Tecnologia na educação: inteligência artificial pode ajudar nos estudos?

O uso da inteligência artificial nos estudos pode ser um forte aliado para o desenvolvimento do estudante, desde que utilizado de forma estratégica e consciente.
A inteligência artificial já faz parte da rotina de muitos estudantes brasileiros. Quando utilizada de maneira estratégica, a tecnologia pode ajudar na compreensão de conteúdos, na organização dos estudos, na revisão de matérias e na criação de exercícios.
Mas existe uma diferença importante entre usar a IA para aprender e usá-la para não precisar aprender.
Segundo a pesquisa TIC Educação 2024, realizada pelo Cetic.br|NIC.br, 70% dos estudantes do Ensino Médio que são usuários de internet afirmaram utilizar ferramentas de IA generativa, como ChatGPT, Copilot e Gemini, em pesquisas e atividades escolares. O número representa cerca de 5,2 milhões de estudantes.
O crescimento desse uso também traz um alerta: apenas 32% dos alunos do Ensino Médio disseram ter recebido orientação dos professores sobre como utilizar a inteligência artificial.
Quando a IA vira uma forma de sobrevivência acadêmica
A ferramenta pode ser uma grande aliada quando o estudante pede uma explicação mais simples, cria questões para testar seus conhecimentos, organiza um cronograma ou utiliza a tecnologia para revisar aquilo que já estudou.
O problema começa quando a IA passa a fazer pelo aluno aquilo que ele deveria aprender a fazer sozinho. Copiar respostas, entregar trabalhos produzidos integralmente pela ferramenta ou deixar de tentar resolver um problema antes de pedir a resposta pode prejudicar o desenvolvimento do raciocínio e da capacidade de interpretação.

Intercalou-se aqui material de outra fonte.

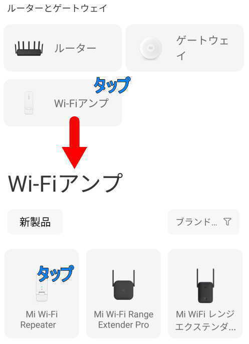 「Xiaomi Mi WiFi Amplifier」を「中継機」と表示しています。

O professor Ademar Celedônio, especialista em ensino e inovações educacionais, alerta justamente para esse risco. A recomendação é que o estudante pense e tente construir suas próprias respostas antes de recorrer à inteligência artificial. A ferramenta deve servir como apoio, e não substituir o processo de aprendizagem.
A facilidade pode se transformar em dependência
Quanto mais fácil fica obter uma resposta, maior pode ser a tentação de deixar de procurar, interpretar e construir o conhecimento por conta própria.
Por isso, o uso consciente da IA passa por uma mudança de postura: em vez de pedir que a ferramenta faça a atividade, o estudante pode utilizá-la para questionar, revisar, explicar e aprofundar aquilo que está estudando.
A tecnologia pode acelerar o aprendizado, mas não elimina a necessidade de estudar.
A inteligência artificial já está presente na educação e tende a ganhar ainda mais espaço. O desafio agora é aprender a utilizá-la sem transformar a facilidade em dependência.
Para quem está se preparando para provas, vestibulares e concursos, essa atenção é ainda mais importante. O estudante precisa desenvolver conhecimento, interpretação, raciocínio e capacidade de resolver questões , habilidades que não podem ser terceirizadas para uma ferramenta.
É nesse ponto que uma preparação estruturada continua fazendo diferença. No Curso Wellington, o estudante encontra orientação e preparação voltadas para seus objetivos, com conteúdos e exercícios que ajudam a transformar o estudo em prática.
A inteligência artificial pode estar ao lado do estudante durante essa caminhada. Mas, na hora da prova, quem precisa estar preparado para responder é você.